Die Wahrheit über Radarwarner-Navis











Ein Navi ist heutzutage mehr als ein Pfadfinder, der einem hilft, von
Punkt A nach Punkt B zu kommen. Die Geräte zeigen hilfreicherweise
teilweise auch die Standorte von fixen Radarfallen. Doch genau diese
Funktion könnte den Lenkern Probleme bereiten. "Obwohl diese
Informationen durch die Temporeduktion vor Gefahrenstellen durchaus
sinnvoll im Sinne der Verkehrssicherheit sein können, ist der Einsatz
dieser Geräte in manchen Ländern verboten, beispielsweise in
Deutschland und in der Schweiz", klärt ÖAMTC-Juristin Verena Pronebner
auf.
















"Neben
Strafgeldern droht mancherorts sogar die Abnahme des Geräts." Damit es
nicht zu unliebsamen Strafen kommt, hier die geltenden Bestimmungen vom
ÖAMTC zusammengefasst:
Österreich: GPS-Navigationsgeräte mit einem
POI-Warner als "Ankündigungsfunktion" sind in Österreich erlaubt.
Verboten sind allerdings Radarwarngeräte, die aktiv über Funkwellen
Radarstandorte aufspüren. Die Einfuhr von solchen Geräten nach
Österreich oder der Besitz kann mit bis zu 4.000 Euro Strafe belegt
werden. Ein richtiges Warngerät darf von der Polizei beschlagnahmt
werden.
Schweiz und Deutschland: Alle Geräte, die vor
mobilen oder fest installierten Geschwindigkeitsmessstellen warnen,
sind verboten. Darunter fallen alle GPS-Navigationsgeräte, die eine
Radar-Warn-POI aktiviert haben - also beispielsweise Navigationssysteme
und entsprechend ausgestattete Mobiltelefone. Auch Gerätekombinationen
eines GPS-Gerätes mit einem Handy oder einem Notebook sind untersagt,
wenn sie über eine entsprechende Warnfunktion verfügen. Kann in der
Schweiz ein Polizist einem Autofahrer nachweisen, dass die
Warn-Funktion aktiviert ist, drohen mindestens 200 Euro Strafe.
Ähnliches gilt in Deutschland: Hier droht ein Bußgeld von mindestens 75
Euro.

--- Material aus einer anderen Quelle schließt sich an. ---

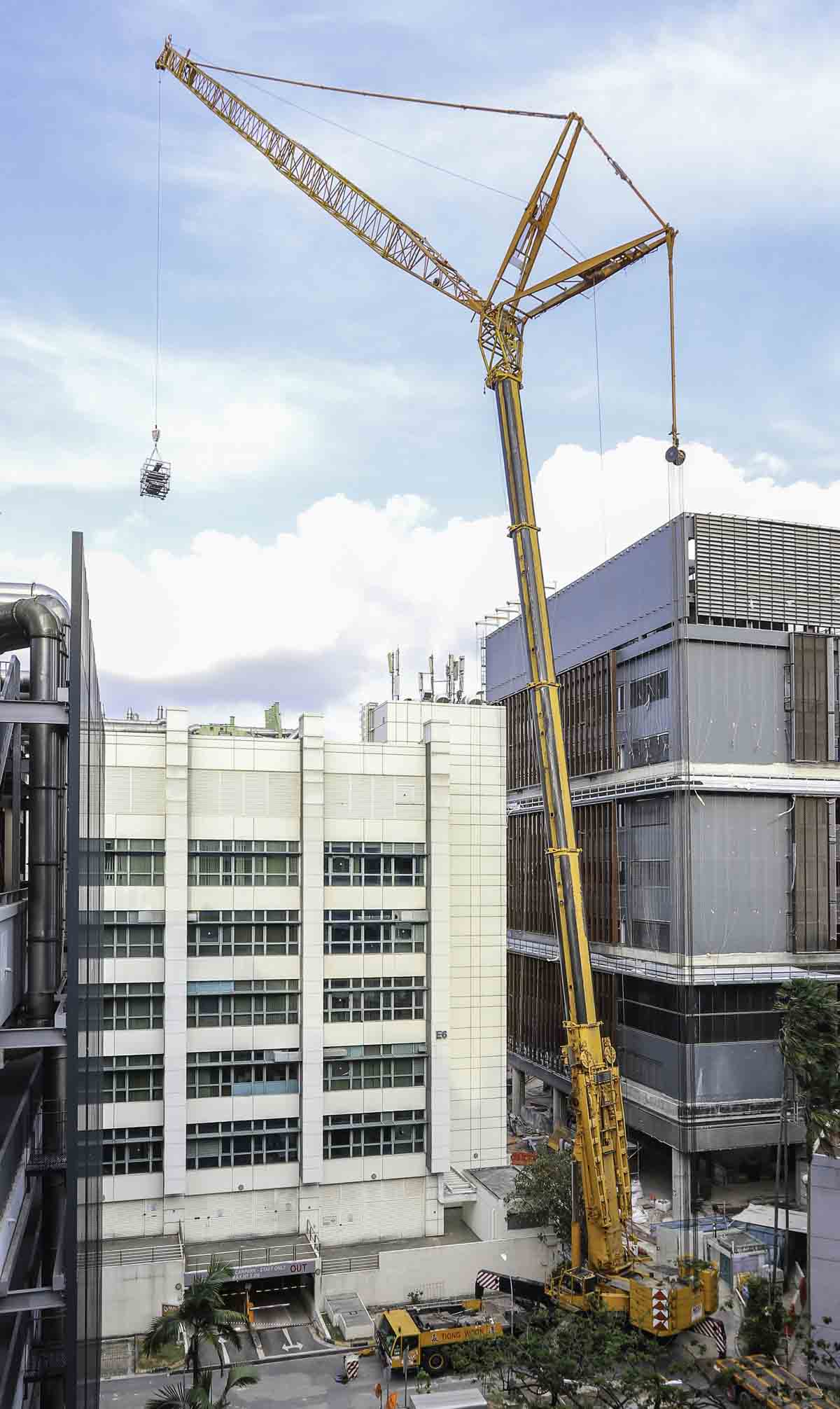 Here, the main boom was extended to a length of 51.8 meters, and the luffing jib has a length of 60 meters.

Außerdem dürfen deutsche und Schweizer Polizisten die Geräte
sicherstellen und vernichten. "Die Konfiszierung eines Laptops ist
wirklich fatal, wenn dadurch alle darauf gespeicherten Daten verloren
gehen", sagt Pronebner.
Verboten sind Radarwarner außerdem in
Bosnien-Herzegowina, Irland, Mazedonien und Zypern. Unsicher
präsentiert sich die Rechtslage in Tschechien und Bulgarien: "Im
Zweifelsfall sollte man immer von einem Verbot ausgehen", sagt die
ÖAMTC-Juristin.
Erlaubt sind GPS-Navigationsgeräte mit
POI-Radarwarnern derzeit in Belgien, Dänemark, Finnland, Frankreich,
Großbritannien, Italien, Luxemburg, den Niederlanden, Norwegen,
Portugal, Russland, Schweden, Serbien, Slowenien, Spanien, Ungarn und
in der Slowakei.
So kann man sein Navi-Gerät trotz Radarwarner nutzen
"Unwissenheit
schützt vor Bestrafung nicht", stellt Pronebner klar. Vor der Fahrt ins
benachbarte Ausland sollten daher alle Autofahrer sicherstellen, dass
ihre Navi-Geräte keine Warn-POIs vor Straßenverkehrskontrollen
(Geschwindigkeit, Rotlicht, allgemeine Polizeikontrollen etc.)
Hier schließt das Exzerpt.